Well, the public just don’t buy it – in both meanings of the word. Its intimate, folk-blues narration rejected by those who want more of the same; a public who lacked the fortitude to delve into the home kitchen recording studio with ‘The Boss’ and listen to heart spun tales concerning the real heartland of America – the microcosm of the people, their tribulations and the power of belief.

The album just didn’t fit in the manila folder of the public conscious; they missed the real emergence of Springsteen as the working man’s poet, as he had to twist his skills into anthems to reach the mass consciousness.

You shouldn’t fret about this state of affairs. As I’ve re-iterated many times before, the general public are stupid. They should not be trusted when it comes to art or any resemblance of taste.

You on the other hand are not stupid. You know what you did when you got that Meccano? You stashed it in your cupboard for the first week afraid that that Mongoloid might sniff out the remains of your shitty birthday gift. But after that, you puckered up and started building. You used the little engine in that Meccano set to create your own deformed train: part metal, part reinforced corrugated iron. And when you went to Mongy’s house to play trains you delivered on your birthright; smashing his pretty collectible set to the ground with the ugly weight of your mammoth Meccano monster. And even when the kid’s garage burnt down and the public folder on you read: Deviant; Hell-Child; Potential Axe Murderer or Cars Salesman, you could hold your head proud knowing that you that you beat expectation – fashioning more blood curdling fun out of Meccano than you ever could gain from the envy of a bigger train set.

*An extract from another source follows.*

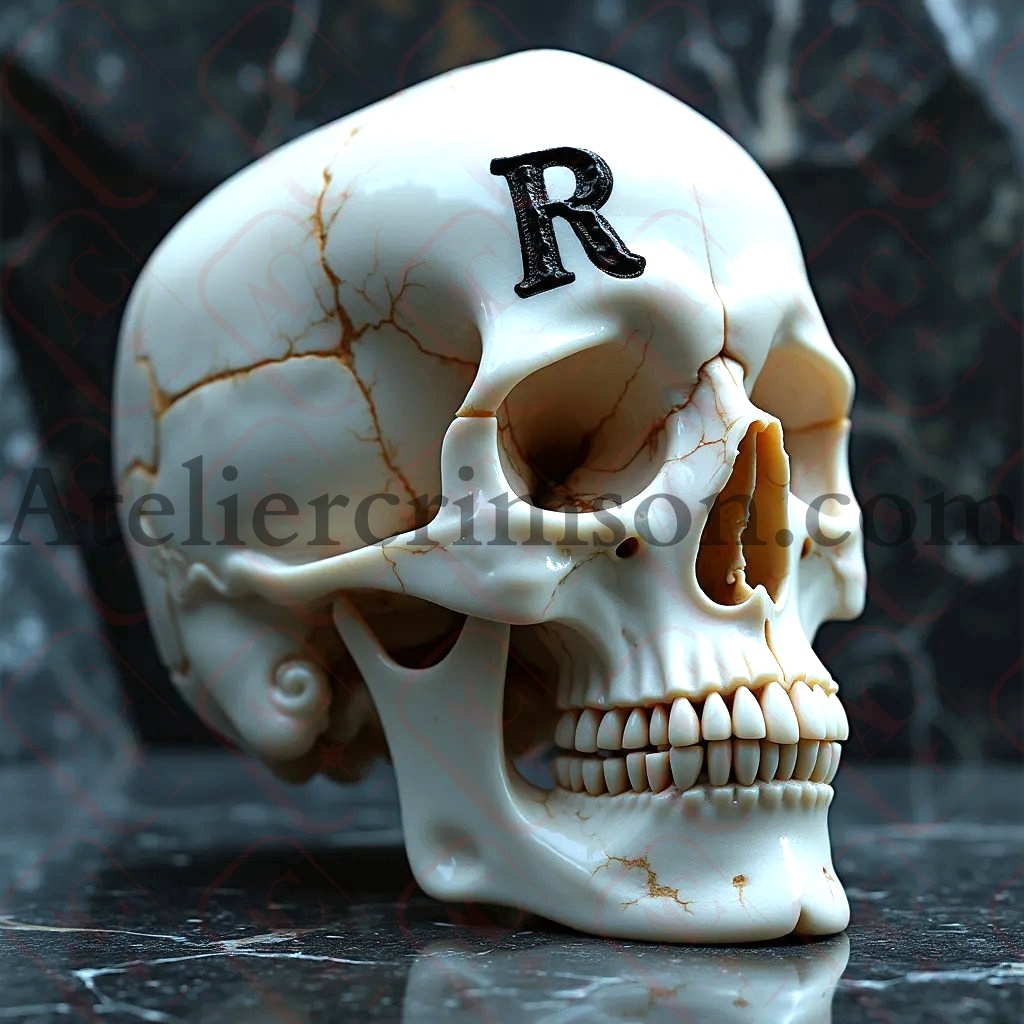 The letter R skull obsidian marble deeply engraved character on the forehead of a white marble skull. The character, filled with dark obsidian, contrasts sharply against the pale skull. Set against a black crystalline background, the skull and character dominate the image.

Now you’re an adult, you’d be well served to remember these lessons you learnt in your youth. So, don’t leave Nebraska shamefully hidden in the corner of some Dirt Cheap CD store. Pulsate your hips, pump your fists in the air, tuck your shirt into your jeans; make like ‘The Boss’ in ‘Dancing In The Dark’ and shake with the rest of the morons. Everyone has to let their hair down once in a while. But, when you’re done acting like a monkey, perch yourself and listen to Nebraska – you owe it to Doris.